Although Ebola-Reston has been documented in pigs in the Philippines, it isn’t clear what role – if any - pigs play in the ecology of Ebolaviruses virus in Africa.


In 2011 researchers showed that pigs were also highly susceptible to Ebola-Zaire, which can be up to 90% fatal in humans. 


This from the Journal of Infectious Diseases.



Replication, Pathogenicity, Shedding, and Transmission of Zaire ebolavirus in Pigs

Gary P. Kobinger, Anders Leung, James Neufeld, Jason S. Richardson, Darryl Falzarano, Greg Smith, Kevin Tierney, Ami Patel and Hana M. Weingartl



This week’s study, which appears in Scientific Reports, takes this information one step further. Researchers placed four macaques in a wire cage inside a pig pen where pigs, infected with Ebola-Zaire, were kept.


Although sharing common living space, they were separated by the wire cage. Yet after 2 weeks of shared confinement, all four macaques had contracted the virus.



Transmission of Ebola virus from pigs to non-human primates

Hana M. Weingartl,Carissa Embury-Hyatt,Charles Nfon,Anders Leung,Greg Smith& Gary Kobinger

Article number: 811 doi:10.1038/srep00811


Abstract (Excerpt)

Here we show ZEBOV transmission from pigs to cynomolgus macaques without direct contact. Interestingly, transmission between macaques in similar housing conditions was never observed. Piglets inoculated oro-nasally with ZEBOV were transferred to the room housing macaques in an open inaccessible cage system. All macaques became infected. Infectious virus was detected in oro-nasal swabs of piglets, and in blood, swabs, and tissues of macaques. This is the first report of experimental interspecies virus transmission, with the macaques also used as a human surrogate. Our finding may influence prevention and control measures during EBOV outbreaks.


Researchers speculate that:


. . .  transmission of ZEBOV could have occurred either by inhalation (of aerosol or larger droplets), and/or droplet inoculation of eyes and mucosal surfaces and/or by fomites due to droplets generated during the cleaning of the room. Infection of all four macaques in an environment, preventing direct contact between the two species and between the macaques themselves, supports the concept of airborne transmission.

While there is some degree of ambiguity here, the idea that large droplet transmission over a very short distance occurred in this setting is not unreasonable. The researchers conclude by stating (reparagraphed for readability):

The present study provides evidence that infected pigs can efficiently transmit ZEBOV to NHPs in conditions resembling farm setting.
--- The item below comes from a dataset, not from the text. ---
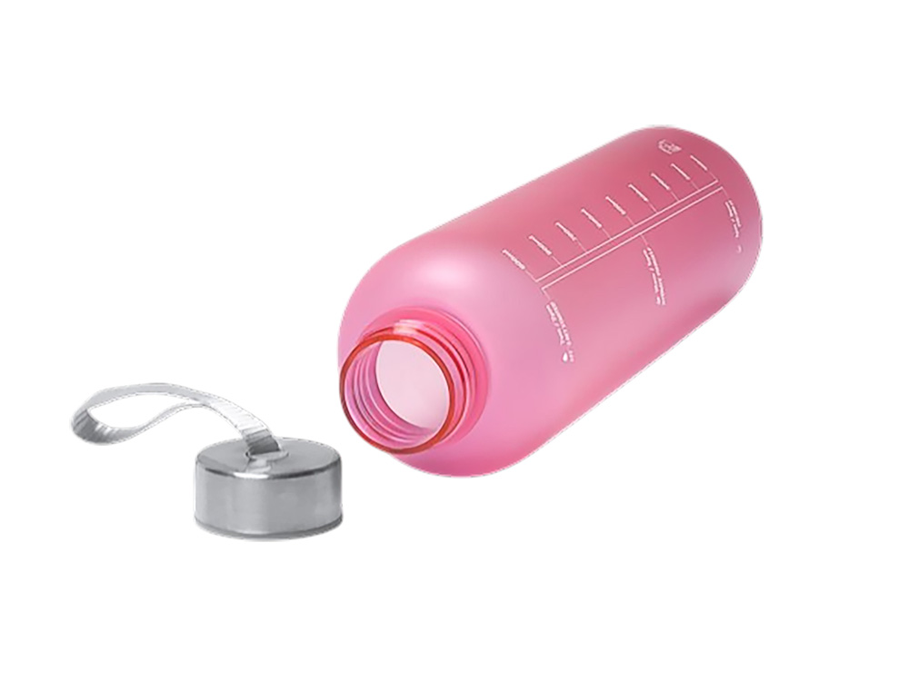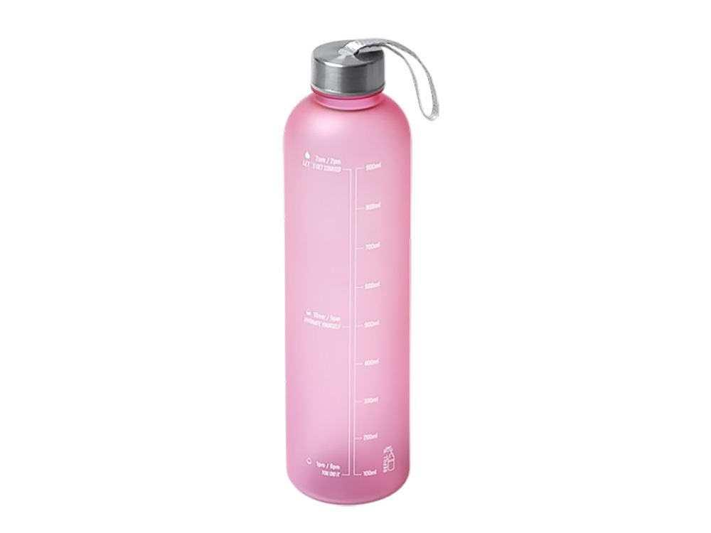 Бутылка для воды из пластика PCTG с полупрозрачным корпусом, навинчивающейся крышкой и ручкой для переноски. На корпусе есть шкала ёмкости и рекомендации по потреблению воды. Объем: 1 л. Поставляется в индивидуальной коробке.

Our findings support the hypothesis that airborne transmission may contribute to ZEBOV spread, specifically from pigs to primates, and may need to be considered in assessing transmission from animals to humans in general.


The present experimental findings would explain REBOV seropositivity of pig farmers in Philippines that were not involved in slaughtering or had no known contact with contaminated pig tissues.


The results of this study also raise a possibility that wild or domestic pigs may be a natural (non-reservoir) host for EBOV participating in the EBOV transmission to other species in sub-Saharan Africa.


According to a report by Ed Yong in The Scientist  (see Ebola from Pigs to Monkeys), these researchers are now planning a trip to Africa to do serological testing of pigs in areas that have experienced Ebola outbreaks.